We built a 1.5M word semantic network where any two words connect in ~6.43 hops (76% connect in ≤7). The hard part wasn't the graph theory—it was getting rich, non-obvious associations. GPT-4's associations were painfully generic: "coffee → beverage, caffeine, morning." But we discovered LLMs excel at validation, not generation. Our solution: Mine Library of Congress classifications (648k of them, representing 125 years of human categorization). "Coffee" appears in 2,542 different book classifications—from "Coffee trade—Labor—Guatemala" to "Coffee rust disease—Hawaii." Each classification became a focused prompt for generating domain-specific associations.

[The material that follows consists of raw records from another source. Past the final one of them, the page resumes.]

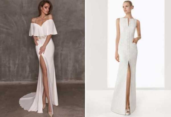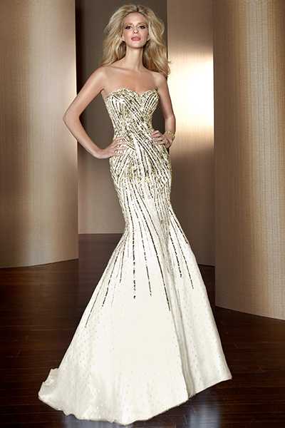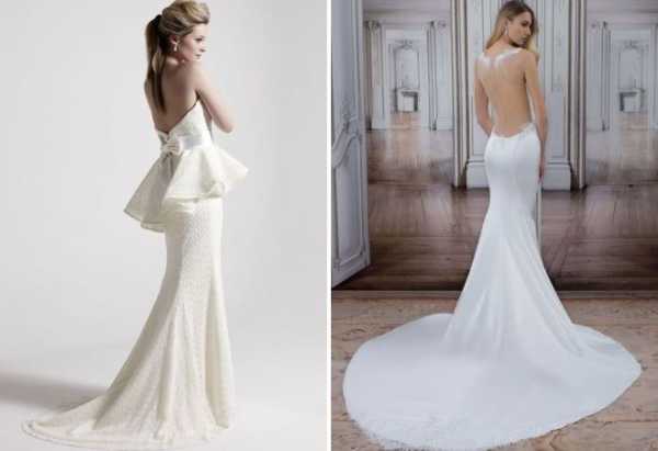Вечерний образ часто требует изящества и умеренной сексуальности. Отличным решением продемонстрировать такие качества будет наряд облегающего силуэта. Самым популярным выбором фасона в этом случае остается русалка без резких переходом и швов на юбке. Утонченную стройную фигуру прекрасно подчеркнет белое атласное платье в пол. И в этом случае уместным дополнением будет недлинный шлейф. Красивый блеск ткани идеально передаст торжественность и нарядность. Однако такие модели исключены для девушек с фигурой plus size, поскольку визуально добавляют объем.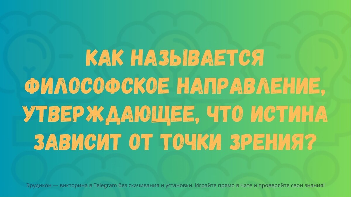 Викторина «Эрудикон» — вопрос №1462: Как называется философское направление, утверждающее, что истина зависит от точки зрения?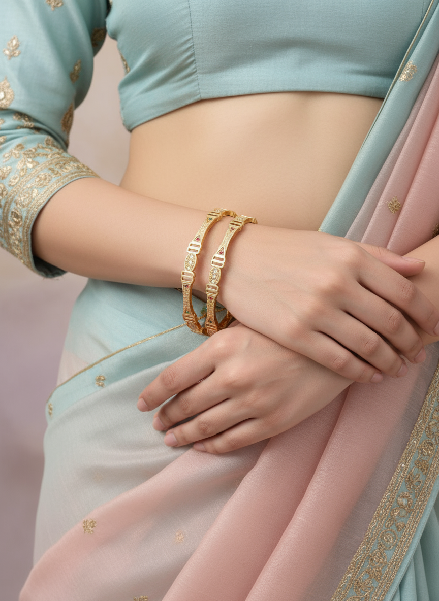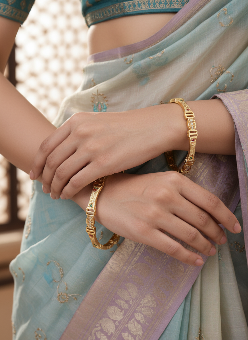 A perfect blend of tradition and trend. Crafted with premium anti-tarnish material and elegant designs, our bangles are made to elevate your everyday look and festive fits. Stylish, durable, and timeless – just like you.

Then we inverted the index: which classifications contain both "algorithm" and "fractals"? Turns out: "Mathematics in art" and "Algorithmic composition." This revealed connections like algorithm→Fibonacci→golden ratio that pure co-occurrence or word vectors miss. The "Montreal Effect" nearly tanked the project—geographic contamination where "bagels" spuriously linked to "Expo 67" because Montreal is famous for bagels. We used LLMs to filter true semantic relationships from geographic coincidence. Technical details: 80M API calls, superconnector deprecation (inverse document frequency variant), morphological deduplication. Built for a word game but the dataset has broader applications.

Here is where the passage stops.